**TASK TO CARRY OUT**: Set down, exactly as written, the line containing "2016. 4. 21.(목)" and all the lines that follow it to the end of the entries below, omitting every picture.

**EXERCISE DATA**:
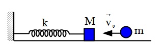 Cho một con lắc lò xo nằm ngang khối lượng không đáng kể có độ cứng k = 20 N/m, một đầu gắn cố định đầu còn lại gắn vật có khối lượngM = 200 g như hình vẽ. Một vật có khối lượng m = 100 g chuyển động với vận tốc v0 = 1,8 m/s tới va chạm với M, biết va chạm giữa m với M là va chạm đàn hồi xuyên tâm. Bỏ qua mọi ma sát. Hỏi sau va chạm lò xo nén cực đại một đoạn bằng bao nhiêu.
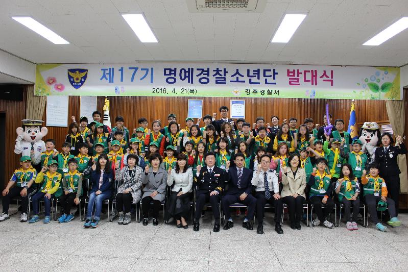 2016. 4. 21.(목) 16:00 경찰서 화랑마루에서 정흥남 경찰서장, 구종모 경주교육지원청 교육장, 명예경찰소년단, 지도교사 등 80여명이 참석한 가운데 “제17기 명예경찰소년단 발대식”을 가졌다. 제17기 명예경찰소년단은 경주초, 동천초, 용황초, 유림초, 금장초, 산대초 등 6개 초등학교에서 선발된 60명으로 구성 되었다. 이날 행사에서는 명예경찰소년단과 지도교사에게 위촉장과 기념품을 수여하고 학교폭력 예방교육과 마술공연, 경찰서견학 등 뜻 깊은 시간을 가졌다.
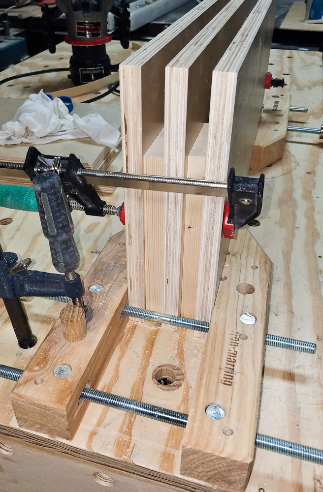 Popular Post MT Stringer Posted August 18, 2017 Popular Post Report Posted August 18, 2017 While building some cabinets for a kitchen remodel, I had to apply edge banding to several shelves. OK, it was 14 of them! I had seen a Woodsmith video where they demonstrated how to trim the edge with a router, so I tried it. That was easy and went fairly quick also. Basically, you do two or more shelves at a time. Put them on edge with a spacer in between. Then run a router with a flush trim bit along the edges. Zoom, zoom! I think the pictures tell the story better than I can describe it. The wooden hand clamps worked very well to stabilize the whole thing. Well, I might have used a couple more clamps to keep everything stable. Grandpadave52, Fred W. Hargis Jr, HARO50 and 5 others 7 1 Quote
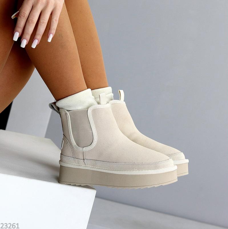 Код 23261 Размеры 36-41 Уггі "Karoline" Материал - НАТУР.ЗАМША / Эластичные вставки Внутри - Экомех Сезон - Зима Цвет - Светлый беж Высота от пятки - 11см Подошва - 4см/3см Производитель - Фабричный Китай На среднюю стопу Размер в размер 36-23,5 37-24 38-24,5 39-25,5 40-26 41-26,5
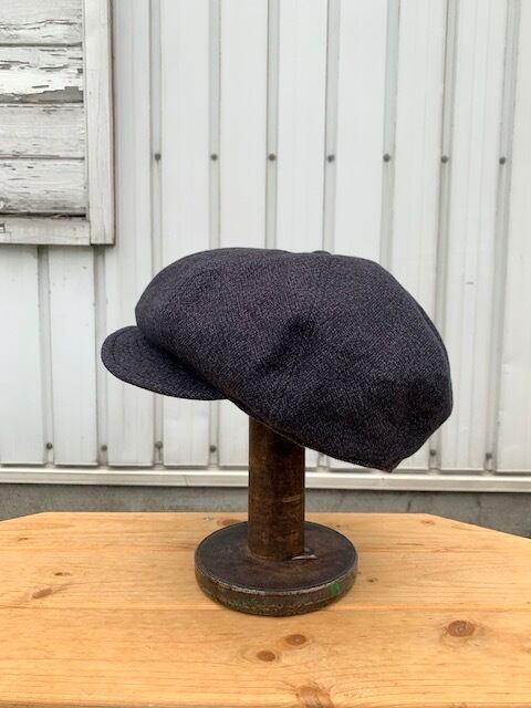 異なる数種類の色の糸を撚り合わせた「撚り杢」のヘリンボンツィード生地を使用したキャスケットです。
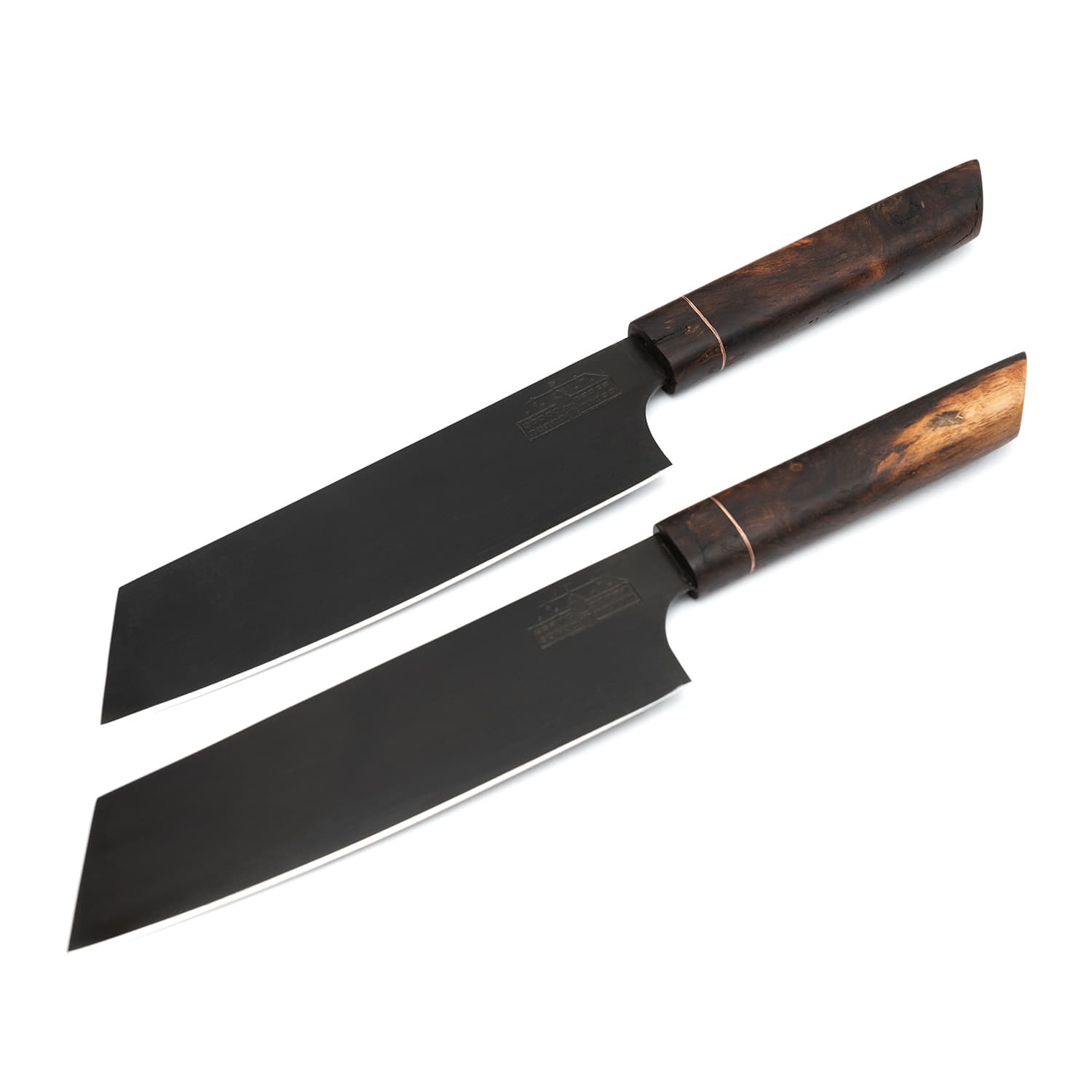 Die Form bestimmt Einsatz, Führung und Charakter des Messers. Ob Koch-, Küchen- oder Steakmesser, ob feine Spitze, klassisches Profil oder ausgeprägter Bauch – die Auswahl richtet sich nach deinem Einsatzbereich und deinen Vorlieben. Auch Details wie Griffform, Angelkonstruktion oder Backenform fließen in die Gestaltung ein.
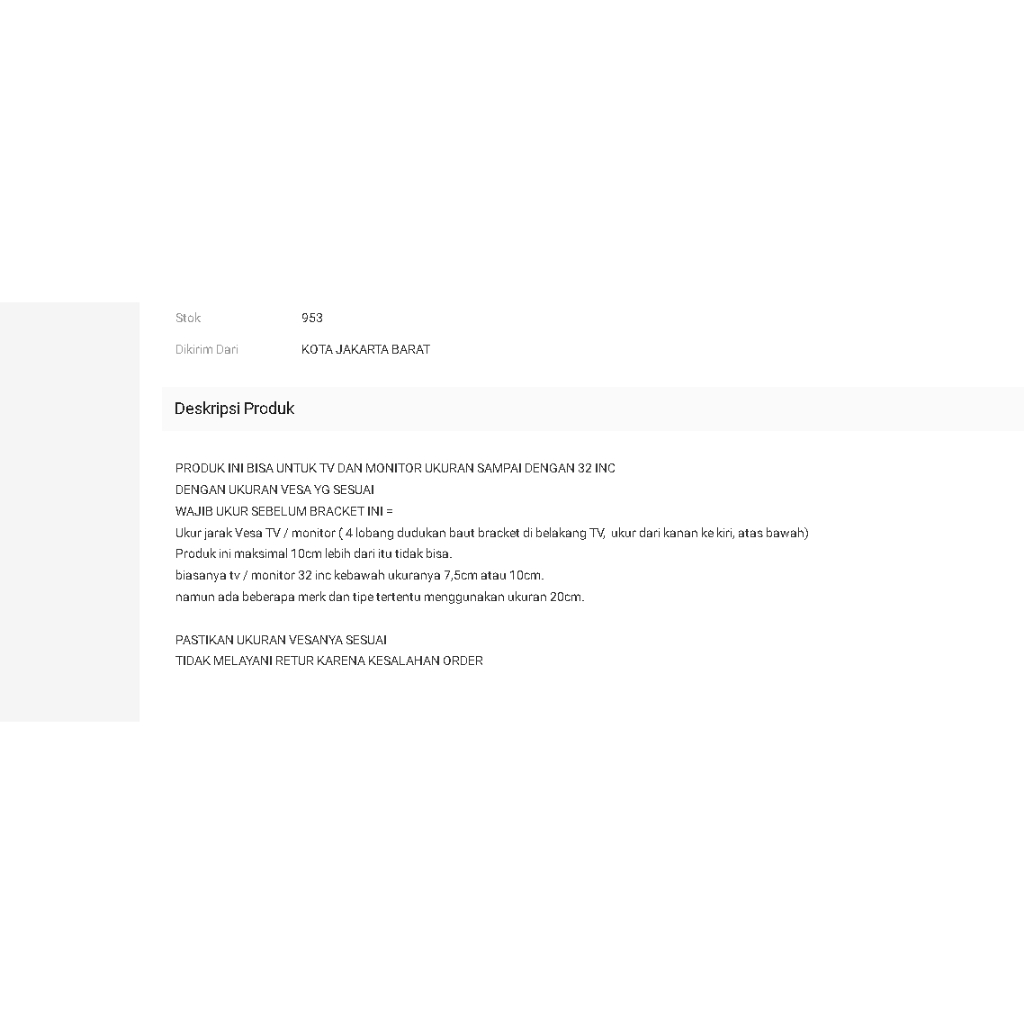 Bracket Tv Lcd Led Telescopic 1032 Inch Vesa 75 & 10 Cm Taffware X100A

**ANSWER FOR THE TASK**:
 2016. 4. 21.(목) 16:00 경찰서 화랑마루에서 정흥남 경찰서장, 구종모 경주교육지원청 교육장, 명예경찰소년단, 지도교사 등 80여명이 참석한 가운데 “제17기 명예경찰소년단 발대식”을 가졌다. 제17기 명예경찰소년단은 경주초, 동천초, 용황초, 유림초, 금장초, 산대초 등 6개 초등학교에서 선발된 60명으로 구성 되었다. 이날 행사에서는 명예경찰소년단과 지도교사에게 위촉장과 기념품을 수여하고 학교폭력 예방교육과 마술공연, 경찰서견학 등 뜻 깊은 시간을 가졌다.
 Popular Post MT Stringer Posted August 18, 2017 Popular Post Report Posted August 18, 2017 While building some cabinets for a kitchen remodel, I had to apply edge banding to several shelves. OK, it was 14 of them! I had seen a Woodsmith video where they demonstrated how to trim the edge with a router, so I tried it. That was easy and went fairly quick also. Basically, you do two or more shelves at a time. Put them on edge with a spacer in between. Then run a router with a flush trim bit along the edges. Zoom, zoom! I think the pictures tell the story better than I can describe it. The wooden hand clamps worked very well to stabilize the whole thing. Well, I might have used a couple more clamps to keep everything stable. Grandpadave52, Fred W. Hargis Jr, HARO50 and 5 others 7 1 Quote
 Код 23261 Размеры 36-41 Уггі "Karoline" Материал - НАТУР.ЗАМША / Эластичные вставки Внутри - Экомех Сезон - Зима Цвет - Светлый беж Высота от пятки - 11см Подошва - 4см/3см Производитель - Фабричный Китай На среднюю стопу Размер в размер 36-23,5 37-24 38-24,5 39-25,5 40-26 41-26,5
 異なる数種類の色の糸を撚り合わせた「撚り杢」のヘリンボンツィード生地を使用したキャスケットです。
 Die Form bestimmt Einsatz, Führung und Charakter des Messers. Ob Koch-, Küchen- oder Steakmesser, ob feine Spitze, klassisches Profil oder ausgeprägter Bauch – die Auswahl richtet sich nach deinem Einsatzbereich und deinen Vorlieben. Auch Details wie Griffform, Angelkonstruktion oder Backenform fließen in die Gestaltung ein.
 Bracket Tv Lcd Led Telescopic 1032 Inch Vesa 75 & 10 Cm Taffware X100A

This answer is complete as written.